With the health integrator on Discovery Life’s policy, you can enjoy a premium reduction of about 50 percent initially, but could then face an increase of 24 percent annually, he says.

Ian Beere, an independent planner with Netto Financial Services and 2007 winner of the Financial Planner of the Year award, says given all the benefit and premium options, an adviser can present clients with endless alternatives. It is therefore important to use a sound framework when making recommendations.

Generally, life assurance is a grudge purchase, and clients either want to pay as little as possible or they cannot afford higher premiums, he says.

Therefore, Netto often recommends life policies with a compulsory annual premium increase of five percent a year, because the initial premiums are at a discount of 25 to 30 percent to those of a level-premium policy.

This results in an affordable premium that also reduces client’s vulnerability to being coerced into switching to a product which is cheaper now but more expensive in the long run, Beere says. He says clients who enter a level-premium contract need to clearly understand the fact that the product is more expensive now but more sustainable in the long term.
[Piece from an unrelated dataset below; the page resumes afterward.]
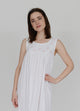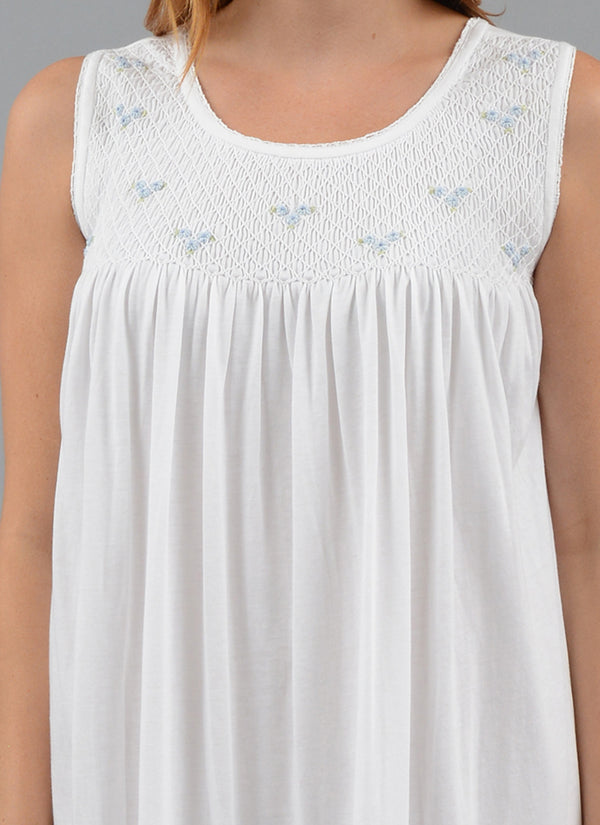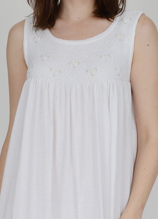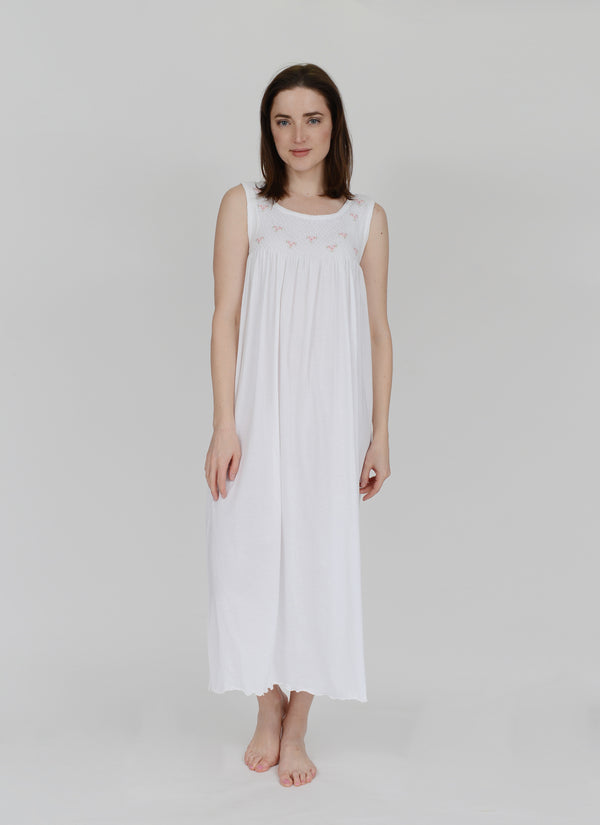 The Smocked Collection Nightgowns are the most delicate and feminine of nightgowns. Butter soft lightweight white Pima cotton jersey, with a beautiful hand smocked bodice and tiny clusters of embroidered flowers. This tank style gown is 48" long.

When it comes to dread disease cover, which has to stay in place for longer than life cover, Netto will often recommend a level-premium policy, he says. Planners at Netto are also also very wary of replacing old-style dread disease policies where claim criteria are easier than those in a replacement policy.

To weigh up the cost of one premium pattern relative to another, you have to cost the policy over the period for which you are likely to need it and then consider the present value of the cover, Beere says. You can have the best of both worlds by using two layers, Beere says, with some cover on a level-premium policy and some on a policy with a compulsory premium increase.

As you build up your retirement savings and your children grow up, the need for cover reduces. Beere says the policies are then structured so that you can cancel the compulsory-increase policy as it becomes expensive in later years.